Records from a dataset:
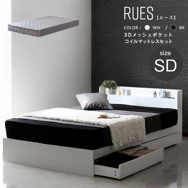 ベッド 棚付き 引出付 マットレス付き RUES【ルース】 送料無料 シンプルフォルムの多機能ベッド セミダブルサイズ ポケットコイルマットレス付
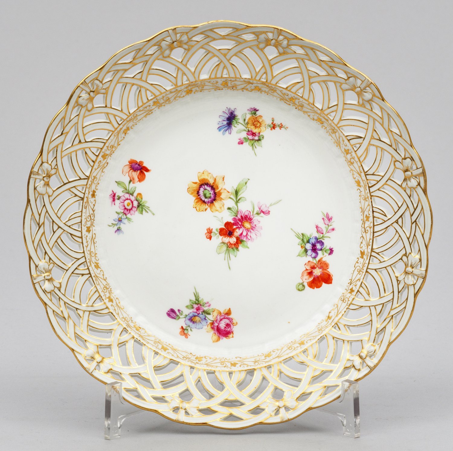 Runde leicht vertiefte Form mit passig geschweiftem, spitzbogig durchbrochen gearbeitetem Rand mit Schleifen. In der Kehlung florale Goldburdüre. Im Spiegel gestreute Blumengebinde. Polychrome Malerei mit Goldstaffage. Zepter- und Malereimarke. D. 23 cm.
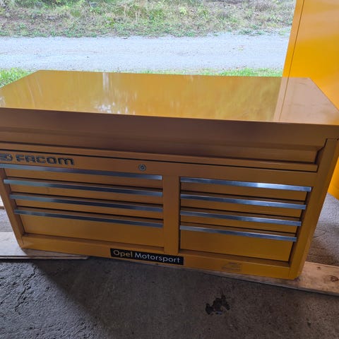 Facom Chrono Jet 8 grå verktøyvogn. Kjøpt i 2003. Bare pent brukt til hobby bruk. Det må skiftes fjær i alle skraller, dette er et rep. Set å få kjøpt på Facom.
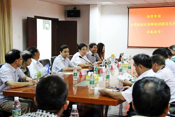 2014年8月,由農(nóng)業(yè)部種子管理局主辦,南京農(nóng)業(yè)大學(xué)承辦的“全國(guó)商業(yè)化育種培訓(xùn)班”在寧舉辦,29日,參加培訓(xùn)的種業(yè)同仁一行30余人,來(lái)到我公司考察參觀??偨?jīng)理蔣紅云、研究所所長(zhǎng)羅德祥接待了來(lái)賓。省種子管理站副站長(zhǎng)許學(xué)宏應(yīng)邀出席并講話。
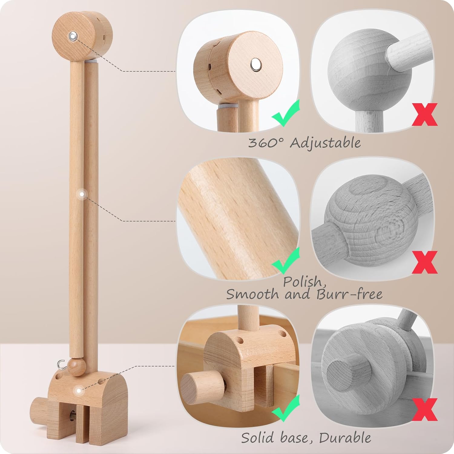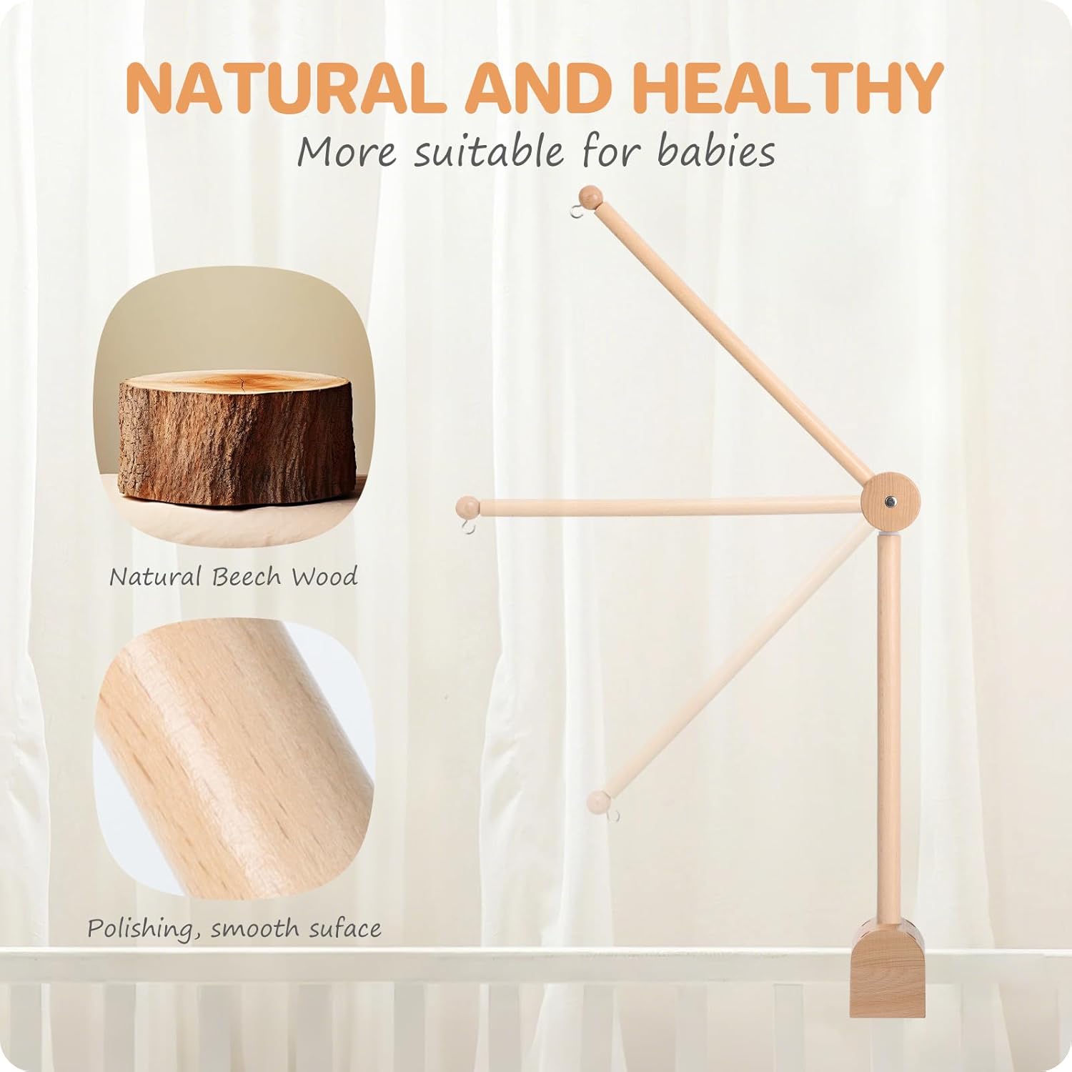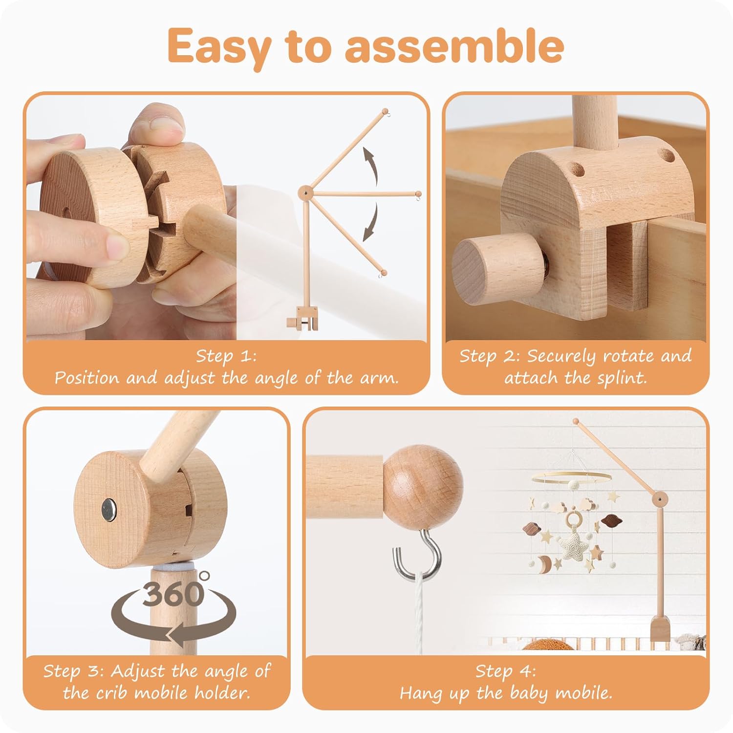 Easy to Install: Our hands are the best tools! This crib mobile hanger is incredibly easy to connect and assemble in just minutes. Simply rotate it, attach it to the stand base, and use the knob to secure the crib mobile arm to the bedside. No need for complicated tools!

▸ **Your task**
Drop every picture and repeat the rest of the entries exactly.

▸ **Exercise result**
 ベッド 棚付き 引出付 マットレス付き RUES【ルース】 送料無料 シンプルフォルムの多機能ベッド セミダブルサイズ ポケットコイルマットレス付
 Runde leicht vertiefte Form mit passig geschweiftem, spitzbogig durchbrochen gearbeitetem Rand mit Schleifen. In der Kehlung florale Goldburdüre. Im Spiegel gestreute Blumengebinde. Polychrome Malerei mit Goldstaffage. Zepter- und Malereimarke. D. 23 cm.
 Facom Chrono Jet 8 grå verktøyvogn. Kjøpt i 2003. Bare pent brukt til hobby bruk. Det må skiftes fjær i alle skraller, dette er et rep. Set å få kjøpt på Facom.
 2014年8月,由農(nóng)業(yè)部種子管理局主辦,南京農(nóng)業(yè)大學(xué)承辦的“全國(guó)商業(yè)化育種培訓(xùn)班”在寧舉辦,29日,參加培訓(xùn)的種業(yè)同仁一行30余人,來(lái)到我公司考察參觀??偨?jīng)理蔣紅云、研究所所長(zhǎng)羅德祥接待了來(lái)賓。省種子管理站副站長(zhǎng)許學(xué)宏應(yīng)邀出席并講話。
 Easy to Install: Our hands are the best tools! This crib mobile hanger is incredibly easy to connect and assemble in just minutes. Simply rotate it, attach it to the stand base, and use the knob to secure the crib mobile arm to the bedside. No need for complicated tools!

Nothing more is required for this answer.